BMW 530e vs Mercedes E 300 e: performance and handling
The BMW is the clear winner for driving enjoyment, but both are superb long-distance cruisers
Both of these cars make exceptional long-distance cruisers and also deliver a cohesive, satisfying drive on a good road, but the BMW is better to drive overall. It’s some 150kg lighter than the Mercedes; you can feel that in its more energetic turn-in and the way it hides its substantial mass better.
It has a bit more body float over fast undulations, but is otherwise neatly tied down in corners and generally feels more encouraging on the right road. The Mercedes has lovely, slick steering progression and is really pleasing to drive smoothly and quickly, but it never delivers the communication and driver involvement that the BMW does.

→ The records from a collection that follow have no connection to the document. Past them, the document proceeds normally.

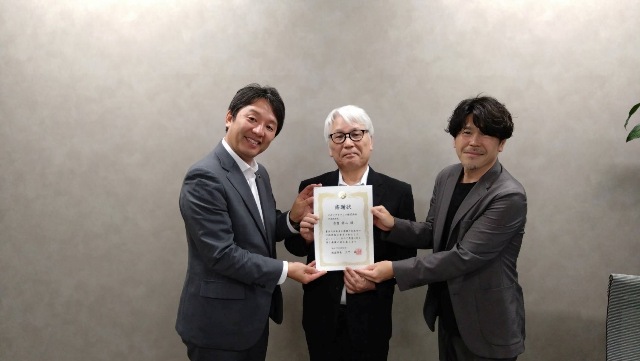 その後、コガソフトウェア株式会社様へ。コガソフトウェア様はかねてから阪南市の健康事業や移動支援事業などにご協力いただいており、この度、企業版ふるさと納税のご協力をいただきましたので、感謝状を贈呈させていただきました。
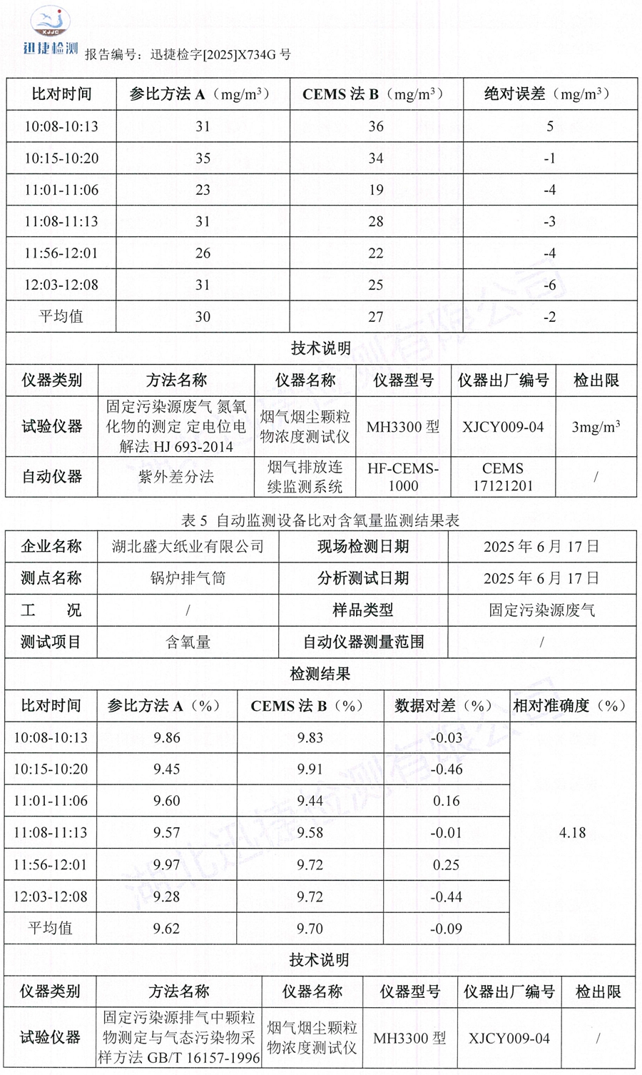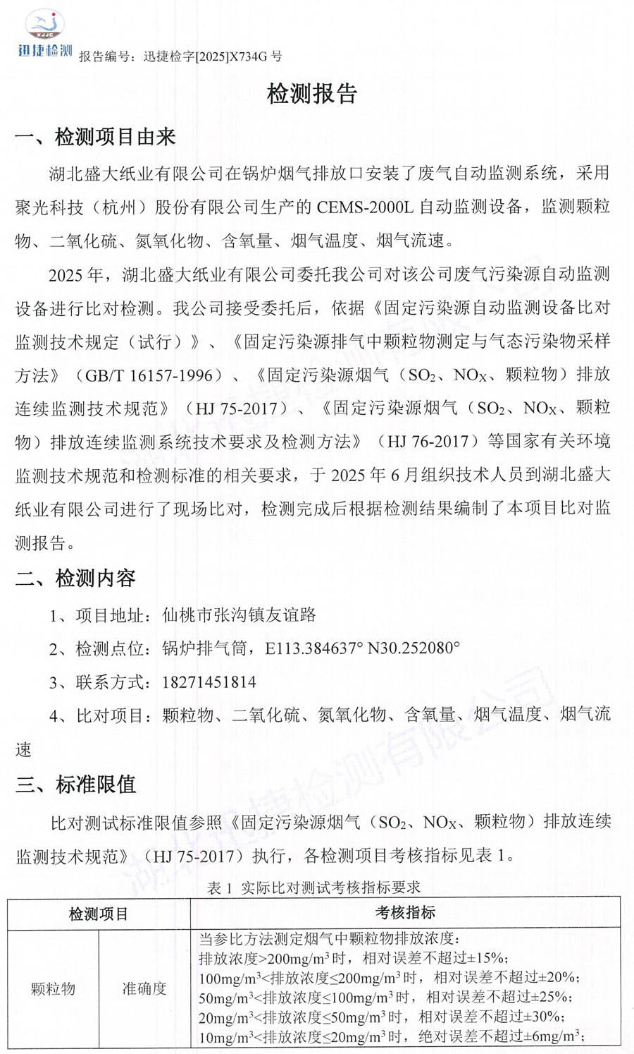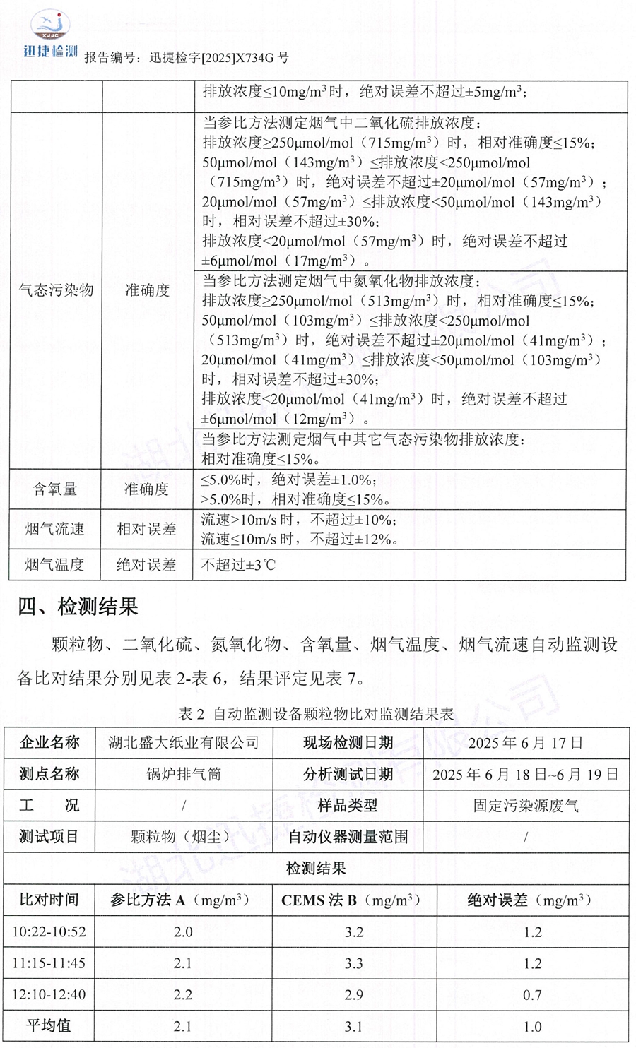 ·您當前的位置是:首頁公司動態X734湖北盛大紙業有限公司2025年6月煙氣自動監測系統比對監測報告[信息公開]
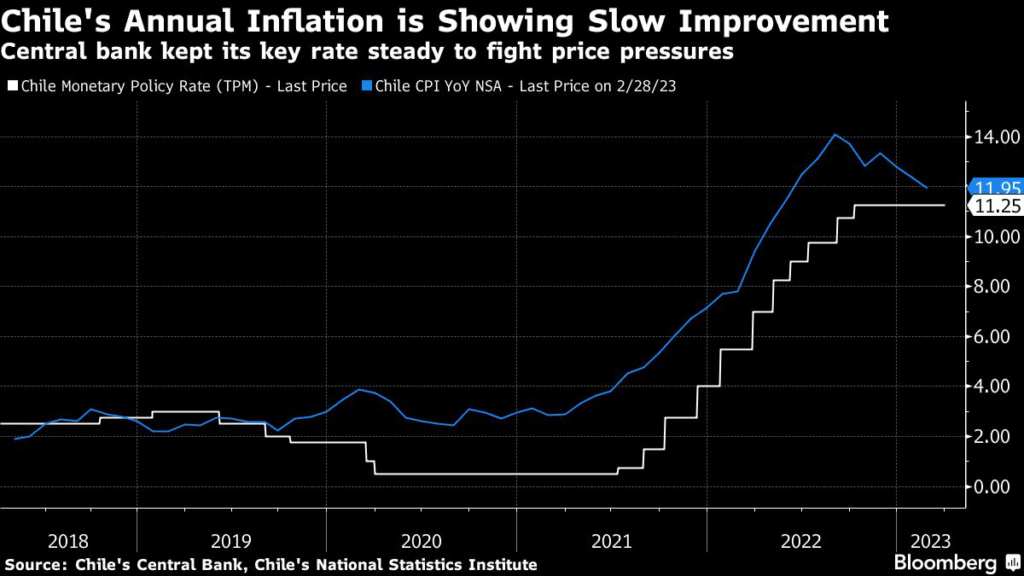 (Bloomberg) — Chile’s central bank raised its 2023 inflation forecasts in a closely-watched report published a day after the institution held its key interest rate steady and signaled that borrowing costs won’t be coming down until price increases are under control.
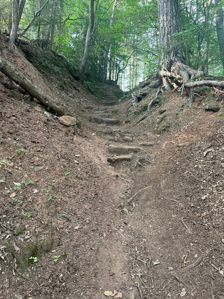 As I set off along the trail, I quickly began to realize that my memories of the clifftop walk had been darkened by the pain and exhaustion of that day. It was in fact a wonderful section of trail, closely following the edge of the cliffs with terrific views back to Trier and over the river below. True, there were a couple of steep sections that were probably hell a year before but that were nothing to write home about this time. But that still left the Biewer mudslide.

The BMW is also the more comfortable of the two. Our Mercedes test car came on 19-inch alloy wheels and run-flat tyres, which did it no favours at all, giving a rather brittle edge to the ride quality, which we know from our experience of living with an E 300 de diesel on 18-inch wheels and standard tyres can be usefully more cushy and relaxing.
In comparison, the BMW is less sensitive to wheel size, so even our M Sport test car on 19-inch wheels rode with supple pliancy. There’s not much in it for refinement; both cars are exceptionally soothing commuters on the motorway or in town. There’s very little vibration or harshness from the 2.0-litre turbocharged petrol engines, and the smooth shifts from the nine-speed (Mercedes) and eight-speed (BMW) automatic gearboxes are barely perceptible.
Where the Mercedes does beat the BMW is in straight-line performance. We managed 0-60mph in just 5.3 seconds from the E 300 e, which is quite remarkable for a two-tonne executive car that emits under 50g/km of CO2. You can thank the 700Nm of torque on offer for that.
The BMW lagged behind at 6.4 seconds for the same sprint, but it still feels seriously punchy, and the fact that it’s offered with four-wheel drive will be of more appeal to most than the Mercedes’ quietly rapid acceleration.